The role of the case manager is essential to the success of keeping patients from returning to the hospital. A case manager’s reach goes beyond the hospital and can extend to the community partners working with the patient at home.
Research shows that a case manager’s role in teaching the patient about what to expect when they return home will have a positive impact on their health. Returning home is often disorienting and upsetting for patients, as well as stressful for family members. Bridging care from the hospital to home is key to ensuring a happy return home.

What to Do Before You Leave the Hospital:

Going back home can be hard for patients. As much as you might want to leave the hospital, it can be overwhelming to go from a place where others are taking care of you to managing on your own.

Someone might have fears like:

  • “What if I am not strong enough to be at home on my own?”
  • “Who will take care of me?”
  • “I don’t know what to do!”

Answering these questions will prepare the patient to be successful in staying out of the hospital. You can accomplish this through five basic steps.

  1. Partner with a home care provider. A referral to home should ideally be followed by a professional caregiver visit the day after discharge. This is the scariest time for the patient and when they most need reassurance and reminders of the hospital to home care plan. A study in 2014 found that a home visit within three days of hospital discharge was the most effective way to reduce readmission.
  2. Read patient discharge education. When you aren’t sure how to stay out of the hospital, you are more likely to end up back in the hospital! Education on disease symptoms, diet, lifestyle changes, medications and follow up appointments empower the patient and the family to take responsibility.
  3. Assess the family’s caregiving ability. Family caregivers are not always able to care for the patient. But when family is included in discharge planning there is a decreased rate of readmission. Family caregivers are also at a high risk themselves for depression and caregiver burnout.
  4. Regular contact with the patient after discharge. Post-discharge follow-ups by a professional caregiver or home health aide allows for reinforcement of education, monitoring symptoms and assessing progress or adjusting care as needed. This strategy was shown to reduce returns to the hospital by 17% in those 65 and older.
  5. Arrange doctor visits in the community. Fewer than half of patients will see their community doctor within two weeks of discharge.

    A Yale-led study found the following strategies were most likely to reduce the patient’s return to hospital:

    1. Working with community physicians.
    2. Having follow up appointments already made.
    3. Having a process in place to communicate discharge summaries.

    Patients want to stay home. Staying at home promotes better health and can save thousands of dollars in health care costs. People just need the right support and education to transition back home.

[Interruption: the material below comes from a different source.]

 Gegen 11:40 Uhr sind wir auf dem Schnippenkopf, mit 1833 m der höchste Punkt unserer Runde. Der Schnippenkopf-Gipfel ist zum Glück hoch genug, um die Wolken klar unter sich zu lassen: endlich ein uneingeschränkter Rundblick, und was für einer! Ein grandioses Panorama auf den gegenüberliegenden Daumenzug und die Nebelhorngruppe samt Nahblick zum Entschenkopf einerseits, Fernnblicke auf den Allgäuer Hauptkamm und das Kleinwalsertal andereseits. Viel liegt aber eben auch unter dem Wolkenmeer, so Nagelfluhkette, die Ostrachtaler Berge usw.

How to Ensure the Hospital to Home Transition is as Smooth as Possible

There is a three-day window of opportunity that sets the patient up for a successful transition from hospital to home. If you miss that window, the patient has a one in five chance of being back in the hospital within 30 days. The homebound patient is often scared and confused.

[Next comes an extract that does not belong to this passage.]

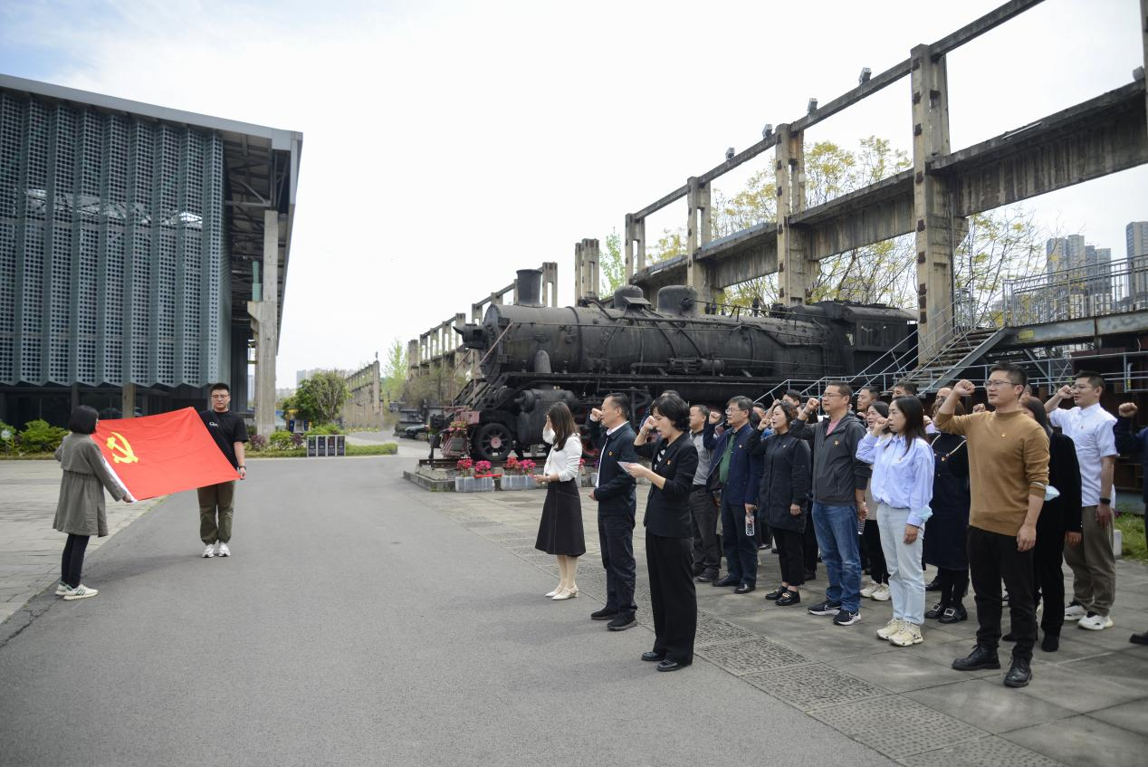 “我志愿加入中國共產(chǎn)黨……”,在重慶工業(yè)文化博覽園廣場,三位黨支部書記共同帶領(lǐng)黨員面向黨旗,重溫入黨誓詞,鏗鏘有力的宣誓聲響徹廣場上空,回蕩在工業(yè)遺址的鋼筋鐵骨間,錚錚誓詞重溫初心記憶,拳拳之心筑牢愛黨信念。

Sometimes a person will try to keep up with what they did prior to their hospitalization and end up hurting themselves, or they will feel weak and helpless. A good strategy and proper support can ease this transition time and help the patient to feel confident at home again.

Once a patient is released from a hospital, the goal should be to prevent their return. Hospital readmissions are not good for patients and cost millions. Case managers, doctor follow-ups and well-trained caregivers are the most important pieces to the puzzle that can help prevent patients from returning too soon.

A patient that goes home with proper support and has a smooth transition from the hospital is a patient who stays safely at home.